A new report from Stanford University has found a massive 91 percent increase in chronic absenteeism amongst public school students between the 2018-2019 and 2021-2022 school years, affecting every state.
Although many reasons are postulated, including COVID-19, bullying, and depression, parental concerns over school content, including topics like Critical Race Theory and revised American history, cannot be ignored. For instance, California’s new math framework insists on using mathematics to “both understand and impact the world,” reflecting the ideology that “mathematics plays a role in the power structures and privileges.”
In November 2022, data from the National Assessment of Educational Progress highlighted the drastic effects upon the proficiency of America’s children: only 33 percent of fourth graders are proficient in reading, with 36 percent proficient in math.
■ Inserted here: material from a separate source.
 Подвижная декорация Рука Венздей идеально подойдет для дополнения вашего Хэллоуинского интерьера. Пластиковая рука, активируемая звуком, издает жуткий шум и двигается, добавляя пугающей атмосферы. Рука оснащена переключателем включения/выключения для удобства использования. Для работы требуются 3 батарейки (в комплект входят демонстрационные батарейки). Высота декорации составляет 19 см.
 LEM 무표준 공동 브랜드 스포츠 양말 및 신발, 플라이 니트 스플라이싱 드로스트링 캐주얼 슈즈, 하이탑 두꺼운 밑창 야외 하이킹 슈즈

Eighth grades were even worse, with 31 percent and 26 percent, respectively. The associated decline of trust in public education is reflected in a Gallup poll where merely 26 percent of Americans have a “great deal/fair amount” of confidence in public schools.
Teacher absenteeism is also alarming. Before the pandemic, The New Teacher Project found nearly a third of teachers “chronically absent.” Post-pandemic, Heritage Foundation researchers Jay Greene and Jonathan Butcher report a 72 percent rise in public school teacher absenteeism.
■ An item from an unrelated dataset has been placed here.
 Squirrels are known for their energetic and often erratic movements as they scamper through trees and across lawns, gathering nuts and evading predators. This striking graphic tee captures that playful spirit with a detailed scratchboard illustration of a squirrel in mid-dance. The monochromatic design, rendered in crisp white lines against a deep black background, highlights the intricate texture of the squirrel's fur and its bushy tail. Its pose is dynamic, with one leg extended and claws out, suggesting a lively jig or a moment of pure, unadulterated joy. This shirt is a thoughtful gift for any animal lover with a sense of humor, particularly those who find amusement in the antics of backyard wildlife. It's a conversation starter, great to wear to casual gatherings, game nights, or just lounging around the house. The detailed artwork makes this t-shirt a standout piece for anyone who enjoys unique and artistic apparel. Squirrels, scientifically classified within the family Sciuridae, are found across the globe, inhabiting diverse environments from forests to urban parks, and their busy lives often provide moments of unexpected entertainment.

With this backdrop, parents are left with hard choices, especially due to the high cost of private schools. While nine states have championed universal school choice, 41 have yet to follow suit. The popularity of homeschooling has skyrocketed, doubling since 2020 with 6 percent of students homeschooled in 2021-22.
Yet, public school boundaries continue to trap students in subpar educational environments. Alarmingly, in 24 states, parents using false addresses for better school access risk criminal prosecution.